Activity -> Below are some records. Return exactly the lines from the one containing "줄무늬 무거운 바지 남자" through the one containing "Lišta KM75-B 1M, 40750101, biela", both included, and only those.

(Source data)
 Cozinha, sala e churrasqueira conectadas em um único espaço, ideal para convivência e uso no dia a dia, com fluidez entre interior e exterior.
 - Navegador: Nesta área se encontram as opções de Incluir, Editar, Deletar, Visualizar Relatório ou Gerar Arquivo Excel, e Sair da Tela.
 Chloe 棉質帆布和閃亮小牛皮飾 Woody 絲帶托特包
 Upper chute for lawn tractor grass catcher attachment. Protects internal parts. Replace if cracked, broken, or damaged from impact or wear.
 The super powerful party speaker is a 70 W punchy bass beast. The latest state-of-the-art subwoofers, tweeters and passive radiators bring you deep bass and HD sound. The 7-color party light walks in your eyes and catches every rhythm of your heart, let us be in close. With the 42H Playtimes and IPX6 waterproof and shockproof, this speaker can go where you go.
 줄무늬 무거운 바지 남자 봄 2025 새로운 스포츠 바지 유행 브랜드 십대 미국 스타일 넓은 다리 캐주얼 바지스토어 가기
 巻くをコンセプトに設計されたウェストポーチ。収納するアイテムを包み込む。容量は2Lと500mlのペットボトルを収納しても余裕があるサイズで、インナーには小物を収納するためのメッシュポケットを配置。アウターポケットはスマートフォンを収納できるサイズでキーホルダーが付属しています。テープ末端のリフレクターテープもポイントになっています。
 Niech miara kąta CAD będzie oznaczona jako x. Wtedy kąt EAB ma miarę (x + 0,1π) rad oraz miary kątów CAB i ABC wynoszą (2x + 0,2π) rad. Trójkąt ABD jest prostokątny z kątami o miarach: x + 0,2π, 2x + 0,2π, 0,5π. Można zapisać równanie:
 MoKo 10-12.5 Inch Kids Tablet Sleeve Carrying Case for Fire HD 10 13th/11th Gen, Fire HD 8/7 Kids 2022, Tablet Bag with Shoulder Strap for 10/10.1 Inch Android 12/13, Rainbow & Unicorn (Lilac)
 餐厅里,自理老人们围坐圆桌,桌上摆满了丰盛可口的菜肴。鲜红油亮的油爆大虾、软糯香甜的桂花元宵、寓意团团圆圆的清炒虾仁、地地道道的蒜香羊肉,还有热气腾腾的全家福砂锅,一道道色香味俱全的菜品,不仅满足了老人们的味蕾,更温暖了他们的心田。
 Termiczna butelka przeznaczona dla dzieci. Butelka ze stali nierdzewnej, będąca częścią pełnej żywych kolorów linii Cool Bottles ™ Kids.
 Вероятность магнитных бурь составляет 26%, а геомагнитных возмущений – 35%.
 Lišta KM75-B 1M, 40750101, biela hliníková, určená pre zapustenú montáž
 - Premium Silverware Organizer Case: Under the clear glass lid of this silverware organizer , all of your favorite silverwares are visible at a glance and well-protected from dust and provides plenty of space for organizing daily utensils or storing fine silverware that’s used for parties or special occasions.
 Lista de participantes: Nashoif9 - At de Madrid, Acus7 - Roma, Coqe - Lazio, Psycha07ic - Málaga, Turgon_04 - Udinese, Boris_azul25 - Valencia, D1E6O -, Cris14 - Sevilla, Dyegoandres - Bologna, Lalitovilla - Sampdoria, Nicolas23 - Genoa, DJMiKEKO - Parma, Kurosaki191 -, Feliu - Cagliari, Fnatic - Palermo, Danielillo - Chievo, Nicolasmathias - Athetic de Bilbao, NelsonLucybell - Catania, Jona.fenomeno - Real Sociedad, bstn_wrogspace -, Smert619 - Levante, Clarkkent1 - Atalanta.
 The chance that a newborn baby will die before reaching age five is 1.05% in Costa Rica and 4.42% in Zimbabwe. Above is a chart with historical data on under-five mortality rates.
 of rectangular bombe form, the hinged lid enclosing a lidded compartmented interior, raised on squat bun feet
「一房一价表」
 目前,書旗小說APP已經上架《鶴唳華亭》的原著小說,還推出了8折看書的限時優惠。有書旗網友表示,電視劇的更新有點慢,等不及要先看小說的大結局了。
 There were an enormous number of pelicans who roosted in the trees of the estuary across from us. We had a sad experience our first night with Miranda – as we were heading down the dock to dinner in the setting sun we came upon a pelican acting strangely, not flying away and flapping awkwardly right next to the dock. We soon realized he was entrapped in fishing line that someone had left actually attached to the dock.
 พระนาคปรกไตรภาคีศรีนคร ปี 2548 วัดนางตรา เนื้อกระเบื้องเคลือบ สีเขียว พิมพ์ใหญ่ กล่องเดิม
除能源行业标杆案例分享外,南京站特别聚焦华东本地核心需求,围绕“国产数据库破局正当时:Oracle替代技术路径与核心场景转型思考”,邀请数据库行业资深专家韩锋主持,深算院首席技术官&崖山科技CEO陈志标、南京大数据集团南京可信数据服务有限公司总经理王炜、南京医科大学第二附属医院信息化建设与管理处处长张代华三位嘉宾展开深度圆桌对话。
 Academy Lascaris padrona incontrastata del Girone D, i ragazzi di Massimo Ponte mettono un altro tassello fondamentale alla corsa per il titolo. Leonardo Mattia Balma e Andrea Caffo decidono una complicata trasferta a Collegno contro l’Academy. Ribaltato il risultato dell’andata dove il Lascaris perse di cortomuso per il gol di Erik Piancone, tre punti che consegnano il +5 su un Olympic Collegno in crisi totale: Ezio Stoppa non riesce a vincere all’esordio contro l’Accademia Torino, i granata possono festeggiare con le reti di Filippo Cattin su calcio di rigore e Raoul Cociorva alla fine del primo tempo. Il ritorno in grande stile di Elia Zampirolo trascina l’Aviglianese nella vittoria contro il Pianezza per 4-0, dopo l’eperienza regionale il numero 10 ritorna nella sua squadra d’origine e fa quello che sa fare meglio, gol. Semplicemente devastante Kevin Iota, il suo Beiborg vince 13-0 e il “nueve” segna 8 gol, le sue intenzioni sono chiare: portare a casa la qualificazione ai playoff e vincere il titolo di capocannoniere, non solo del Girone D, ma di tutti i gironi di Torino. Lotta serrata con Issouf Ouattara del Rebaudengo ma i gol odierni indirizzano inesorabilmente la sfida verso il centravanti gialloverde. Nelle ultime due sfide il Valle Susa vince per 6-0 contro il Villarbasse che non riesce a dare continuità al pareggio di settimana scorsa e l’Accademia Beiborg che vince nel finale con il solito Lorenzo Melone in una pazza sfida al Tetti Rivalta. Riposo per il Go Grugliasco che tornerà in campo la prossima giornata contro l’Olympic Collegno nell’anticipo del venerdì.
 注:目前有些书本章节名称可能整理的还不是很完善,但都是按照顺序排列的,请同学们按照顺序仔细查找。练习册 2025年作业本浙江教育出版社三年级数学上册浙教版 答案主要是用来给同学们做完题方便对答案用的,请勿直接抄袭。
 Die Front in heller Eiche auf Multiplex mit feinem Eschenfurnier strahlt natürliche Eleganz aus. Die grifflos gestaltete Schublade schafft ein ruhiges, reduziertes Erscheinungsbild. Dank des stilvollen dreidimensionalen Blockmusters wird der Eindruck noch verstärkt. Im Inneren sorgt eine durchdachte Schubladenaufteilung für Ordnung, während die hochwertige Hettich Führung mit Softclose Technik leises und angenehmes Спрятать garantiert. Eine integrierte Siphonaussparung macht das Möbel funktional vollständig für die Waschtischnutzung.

Response ->
 줄무늬 무거운 바지 남자 봄 2025 새로운 스포츠 바지 유행 브랜드 십대 미국 스타일 넓은 다리 캐주얼 바지스토어 가기
 巻くをコンセプトに設計されたウェストポーチ。収納するアイテムを包み込む。容量は2Lと500mlのペットボトルを収納しても余裕があるサイズで、インナーには小物を収納するためのメッシュポケットを配置。アウターポケットはスマートフォンを収納できるサイズでキーホルダーが付属しています。テープ末端のリフレクターテープもポイントになっています。
 Niech miara kąta CAD będzie oznaczona jako x. Wtedy kąt EAB ma miarę (x + 0,1π) rad oraz miary kątów CAB i ABC wynoszą (2x + 0,2π) rad. Trójkąt ABD jest prostokątny z kątami o miarach: x + 0,2π, 2x + 0,2π, 0,5π. Można zapisać równanie:
 MoKo 10-12.5 Inch Kids Tablet Sleeve Carrying Case for Fire HD 10 13th/11th Gen, Fire HD 8/7 Kids 2022, Tablet Bag with Shoulder Strap for 10/10.1 Inch Android 12/13, Rainbow & Unicorn (Lilac)
 餐厅里,自理老人们围坐圆桌,桌上摆满了丰盛可口的菜肴。鲜红油亮的油爆大虾、软糯香甜的桂花元宵、寓意团团圆圆的清炒虾仁、地地道道的蒜香羊肉,还有热气腾腾的全家福砂锅,一道道色香味俱全的菜品,不仅满足了老人们的味蕾,更温暖了他们的心田。
 Termiczna butelka przeznaczona dla dzieci. Butelka ze stali nierdzewnej, będąca częścią pełnej żywych kolorów linii Cool Bottles ™ Kids.
 Вероятность магнитных бурь составляет 26%, а геомагнитных возмущений – 35%.
 Lišta KM75-B 1M, 40750101, biela hliníková, určená pre zapustenú montáž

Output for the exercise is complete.